[WHAT TO PRODUCE]
The records below are to be transcribed exactly from their first line to the line that has "BFS Pirinç Zirkon", inclusive, with every picture omitted.
:: DATA PROVIDED ::
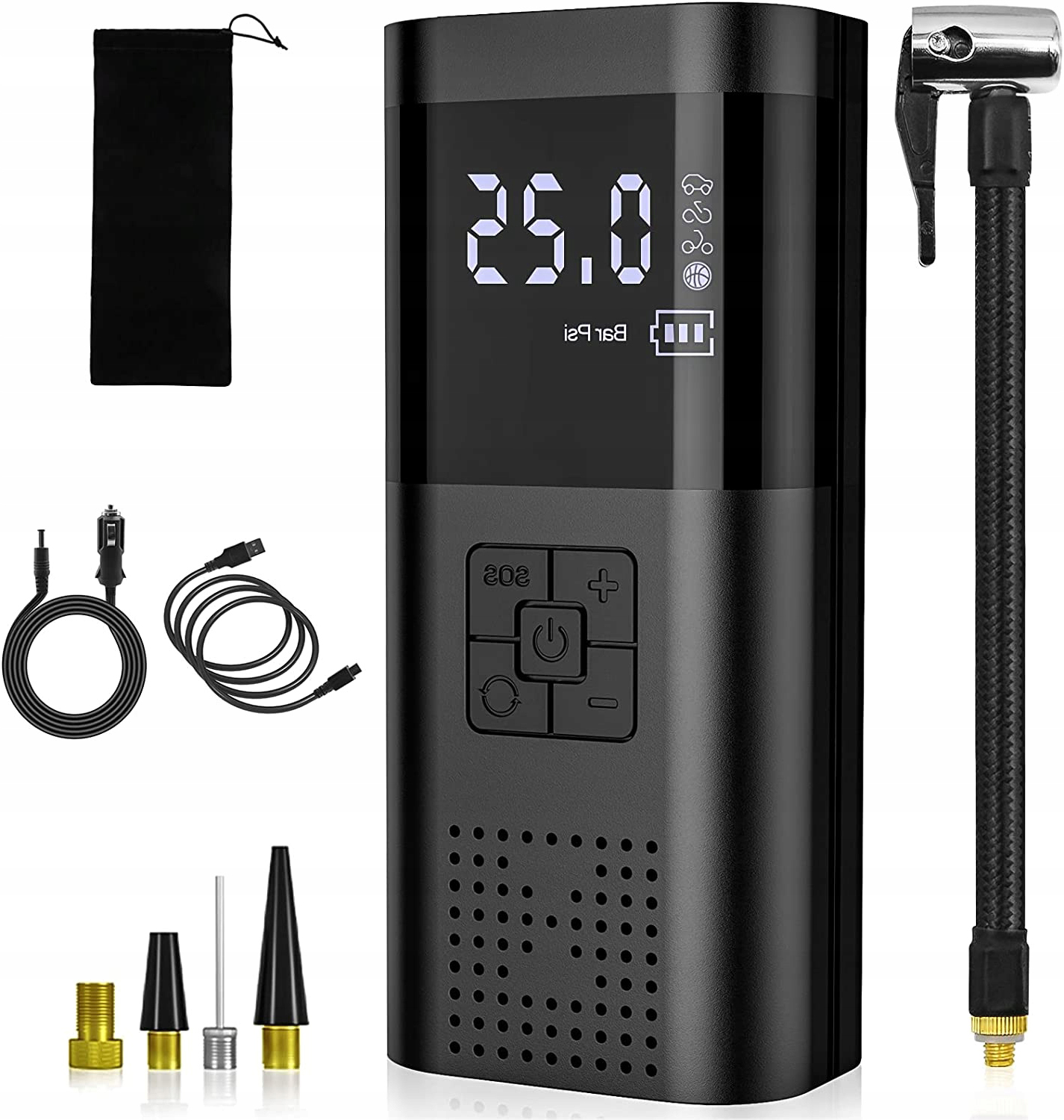 Батарея насоса с емкостью 6000 мАч (2000 мАч x 3) - это не только помощник при заполнении шин, но и мобильным источником питания для смартфонов и других устройств. Набор включает в себя 1 -метровый USB -кабель USB (без адаптера зарядного устройства 5 В/2А). 📱
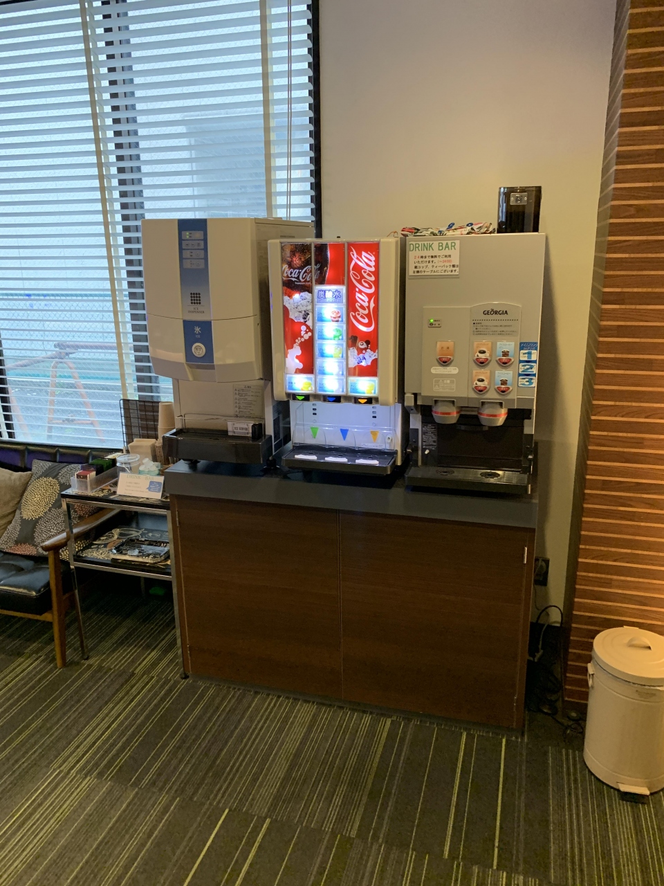 フロント横にドリンクバーがあり、夜の0:00まで利用可能です。
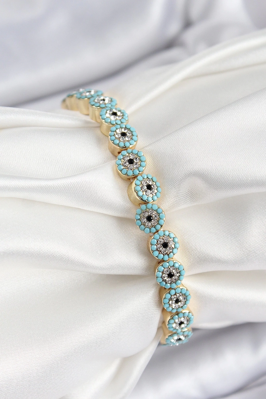 BFS Pirinç Zirkon Taşlı Turkuaz Nazar Model Gold Renk Lastikli Kadın Bileklik
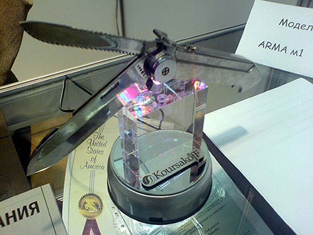 Особенно хочется отметить нож Курсакова, впервые представленный на «Клинке» и завоевавший огромный интерес публики. К воскресенью все изделия раскупили, а цена не маленькая: в зависимости от корпуса от трёхсот до пятисот долларов. По словам мастера, это тактический нож выживания, имеющий в своей конструкции четыре изобретения, в данный момент проходящие процедуру патентования за рубежом. Выглядит громоздким, но сразу привлекает внимание оригинальное решение — вставное лезвие легко убирается в основное. Весит прилично — 340 грамм, но я в руках держу экспериментальный образец, а промышленный вариант будет легче. Здорово сделан замок — в нём используется принцип затвора ружья. Хотелось бы посмотреть нож в действии.
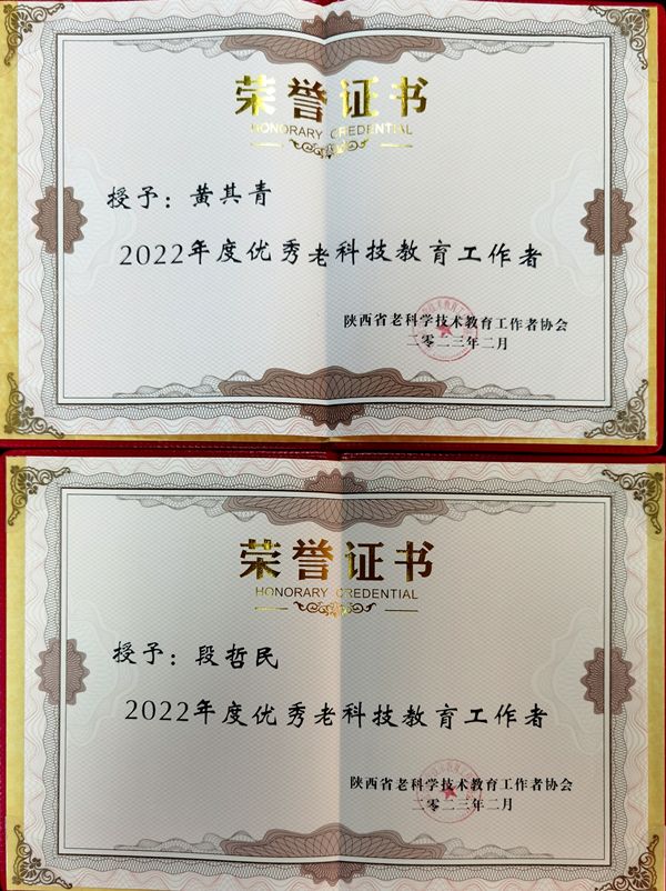 我校荣获陕西省老科学技术教育工作者协会2022年度“先进集体”奖;段哲民、黄其青两位教授被授予2022年度优秀老科技教育工作者荣誉称号。我校老科协会长胥效文、离退休工作处社团中心主任杨祺参加了会议。
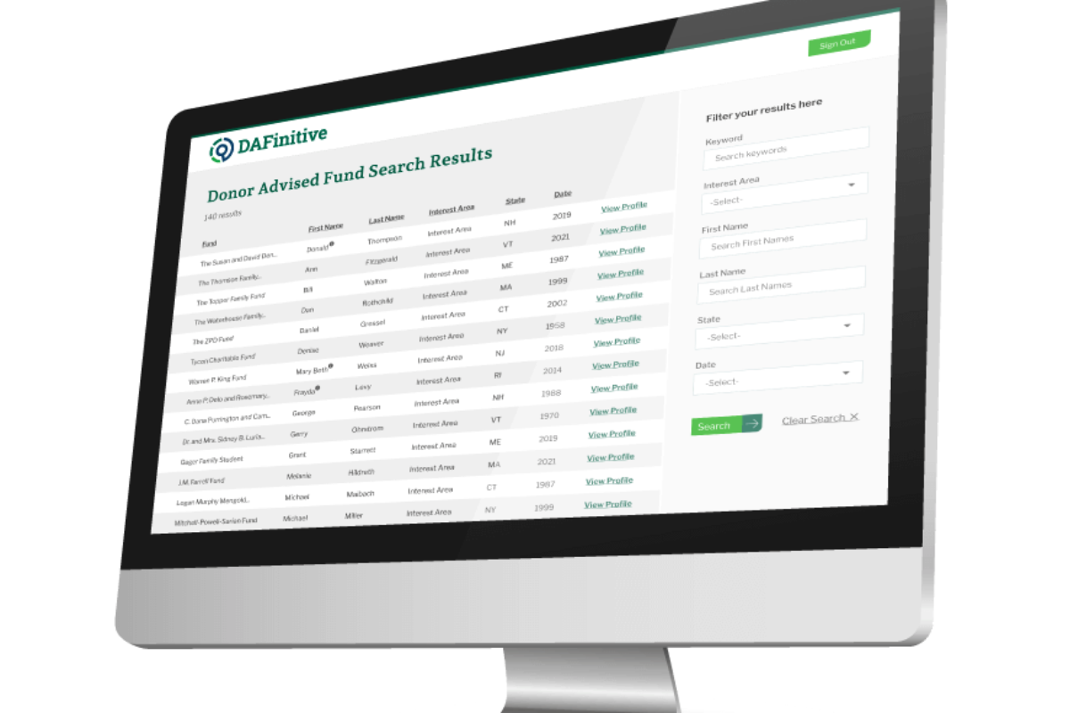 DAFinitive is a new prospect research tool providing fundraisers with information on DAF holders. The platform currently features information for 8,000 Canadian DAFs across seven foundations, including MakeWay, the Calgary Foundation and the Vancouver Foundation.
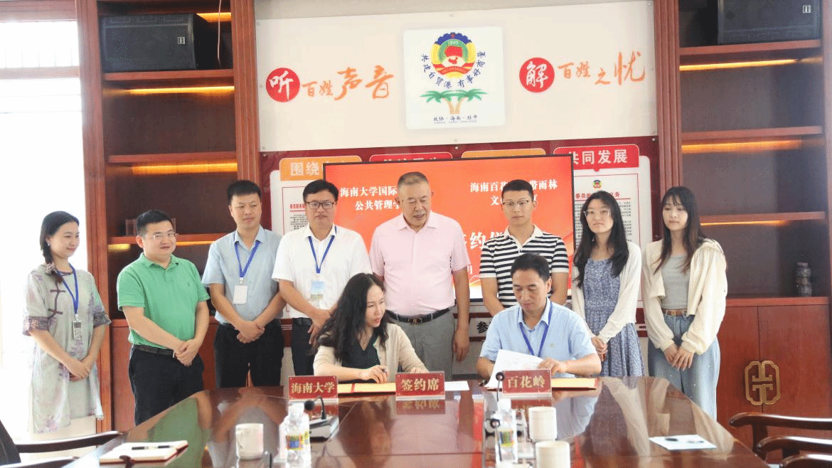 7月3日,公司执行经理徐艳晴、副经理何彪、教师代表谢灯明、博士生代表张沁雯和今朝书院辅导员石青纯一行前往百花岭热带雨林文化旅游区签署院企合作协议并举行挂牌仪式。百花岭热带雨林文化旅游区董事长李合岭、副总经理朱曾贤、常务副总经理马宝记等出席并参与座谈。
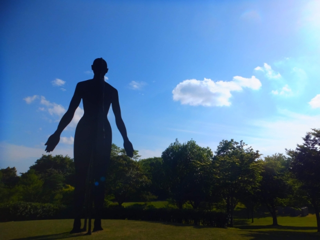 まず目に入るのは、《男と女》by ジョナサンボロフスキー。高さ約8mの巨人です。写真ではわかりづらいのですが、2人のシルエットがクロスしているため、見る角度によって印象が変わります。
:::
[RESULT FOR THIS EXERCISE]
 Батарея насоса с емкостью 6000 мАч (2000 мАч x 3) - это не только помощник при заполнении шин, но и мобильным источником питания для смартфонов и других устройств. Набор включает в себя 1 -метровый USB -кабель USB (без адаптера зарядного устройства 5 В/2А). 📱
 フロント横にドリンクバーがあり、夜の0:00まで利用可能です。
 BFS Pirinç Zirkon Taşlı Turkuaz Nazar Model Gold Renk Lastikli Kadın Bileklik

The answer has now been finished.